[Dataset entries — start]

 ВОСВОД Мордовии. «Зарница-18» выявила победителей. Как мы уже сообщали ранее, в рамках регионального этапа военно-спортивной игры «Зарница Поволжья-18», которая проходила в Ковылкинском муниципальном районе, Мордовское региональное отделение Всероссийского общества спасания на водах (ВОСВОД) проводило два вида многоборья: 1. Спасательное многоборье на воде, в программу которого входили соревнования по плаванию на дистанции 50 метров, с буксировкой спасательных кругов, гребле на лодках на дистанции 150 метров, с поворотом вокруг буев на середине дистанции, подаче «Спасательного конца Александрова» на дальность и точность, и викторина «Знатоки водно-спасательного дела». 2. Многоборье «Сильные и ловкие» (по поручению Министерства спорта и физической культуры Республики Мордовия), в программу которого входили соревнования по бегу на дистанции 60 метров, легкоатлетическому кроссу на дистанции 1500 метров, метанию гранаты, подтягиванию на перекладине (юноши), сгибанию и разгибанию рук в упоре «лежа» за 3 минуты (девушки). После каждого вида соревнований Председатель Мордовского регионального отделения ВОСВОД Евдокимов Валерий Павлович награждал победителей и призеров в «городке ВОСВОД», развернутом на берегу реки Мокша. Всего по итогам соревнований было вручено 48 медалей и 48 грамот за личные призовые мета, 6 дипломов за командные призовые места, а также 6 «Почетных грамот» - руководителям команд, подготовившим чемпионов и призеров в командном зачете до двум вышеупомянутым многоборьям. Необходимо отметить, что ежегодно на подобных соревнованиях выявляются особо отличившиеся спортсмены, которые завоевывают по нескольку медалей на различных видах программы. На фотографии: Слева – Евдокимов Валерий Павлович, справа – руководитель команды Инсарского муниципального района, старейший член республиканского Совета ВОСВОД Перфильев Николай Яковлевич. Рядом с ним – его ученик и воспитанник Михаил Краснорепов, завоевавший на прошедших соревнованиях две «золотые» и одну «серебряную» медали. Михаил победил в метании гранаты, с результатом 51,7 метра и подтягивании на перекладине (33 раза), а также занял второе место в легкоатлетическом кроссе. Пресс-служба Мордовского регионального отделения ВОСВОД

[Dataset entries — finish]
[Dataset entries — start]

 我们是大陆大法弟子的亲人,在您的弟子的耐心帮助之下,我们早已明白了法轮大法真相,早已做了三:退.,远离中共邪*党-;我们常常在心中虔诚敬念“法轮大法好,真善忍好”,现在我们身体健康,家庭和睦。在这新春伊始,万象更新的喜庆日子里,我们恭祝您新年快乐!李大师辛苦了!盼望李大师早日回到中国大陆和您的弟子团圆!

[Dataset entries — finish]
[Dataset entries — start]

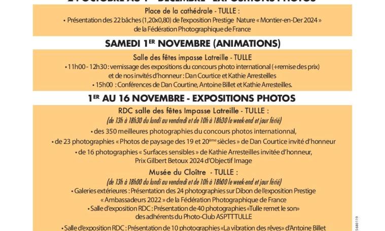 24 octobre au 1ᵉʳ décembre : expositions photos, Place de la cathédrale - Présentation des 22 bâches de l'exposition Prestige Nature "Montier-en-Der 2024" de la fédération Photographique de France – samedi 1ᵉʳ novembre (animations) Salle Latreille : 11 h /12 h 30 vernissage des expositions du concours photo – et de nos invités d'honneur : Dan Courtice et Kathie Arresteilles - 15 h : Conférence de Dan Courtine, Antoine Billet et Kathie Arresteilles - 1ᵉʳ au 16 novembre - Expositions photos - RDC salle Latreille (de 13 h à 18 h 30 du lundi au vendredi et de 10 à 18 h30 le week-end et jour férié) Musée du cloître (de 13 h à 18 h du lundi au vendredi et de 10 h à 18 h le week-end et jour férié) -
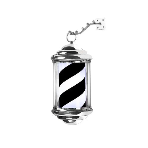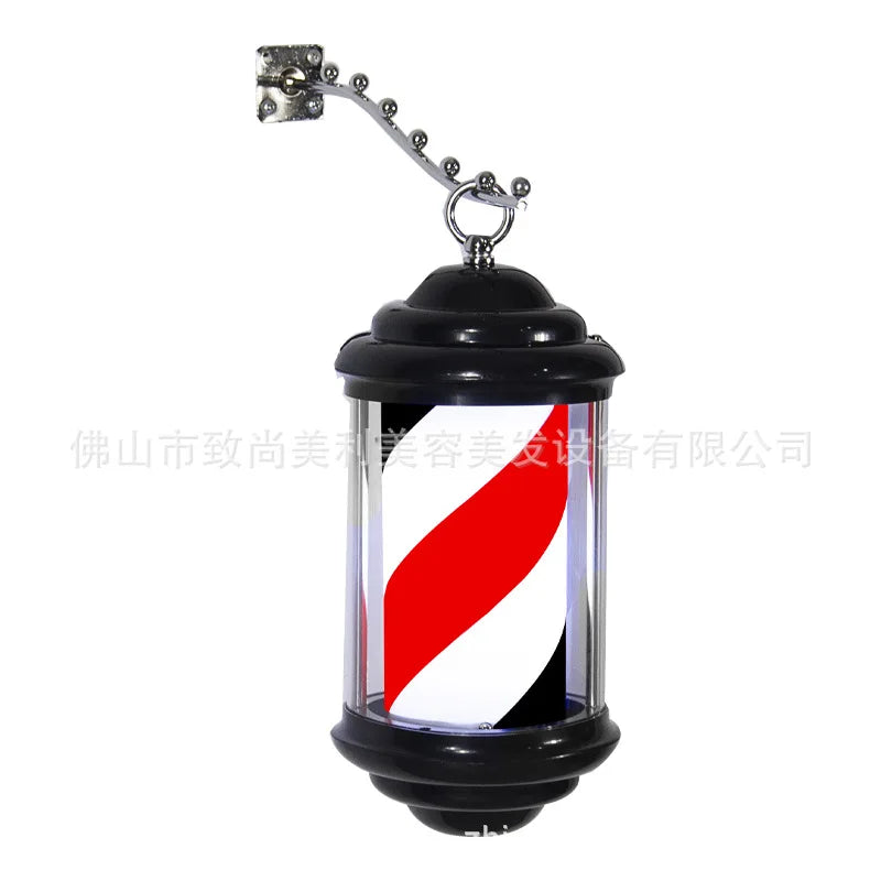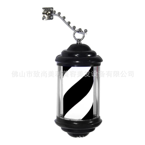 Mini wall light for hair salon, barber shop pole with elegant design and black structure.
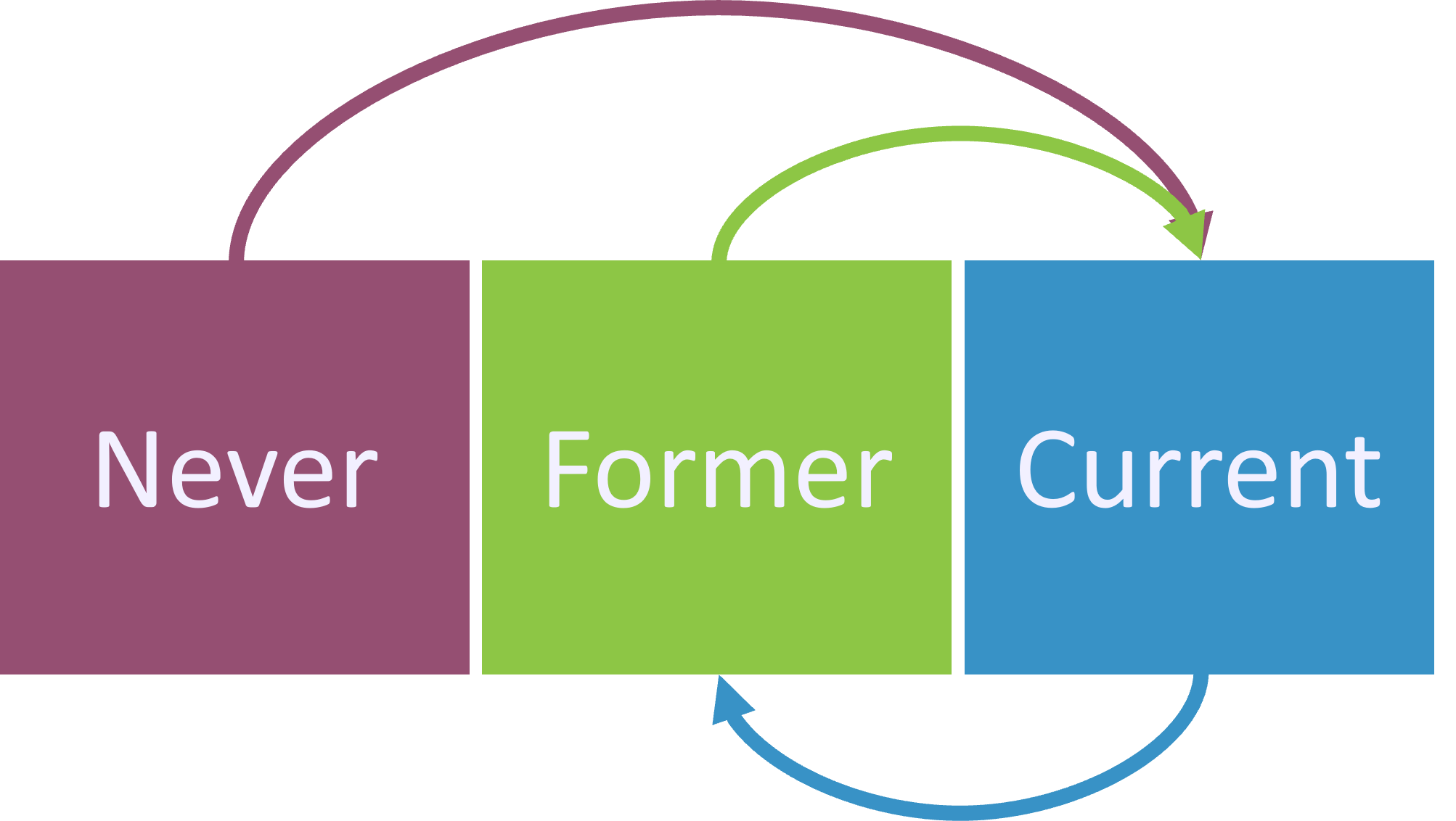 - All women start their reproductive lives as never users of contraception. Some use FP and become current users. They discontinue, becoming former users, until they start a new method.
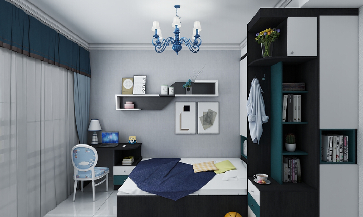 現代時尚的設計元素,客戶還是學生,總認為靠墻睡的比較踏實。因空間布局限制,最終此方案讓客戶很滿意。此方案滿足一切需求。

[Dataset entries — finish]

What is required ->
Exercise for the records above: copy only the lines from the one with "- All women" to the one with "現代時尚的設計元素,客戶還是", both ends kept, and drop the pictures.

Solution for this exercise ->
 - All women start their reproductive lives as never users of contraception. Some use FP and become current users. They discontinue, becoming former users, until they start a new method.
 現代時尚的設計元素,客戶還是學生,總認為靠墻睡的比較踏實。因空間布局限制,最終此方案讓客戶很滿意。此方案滿足一切需求。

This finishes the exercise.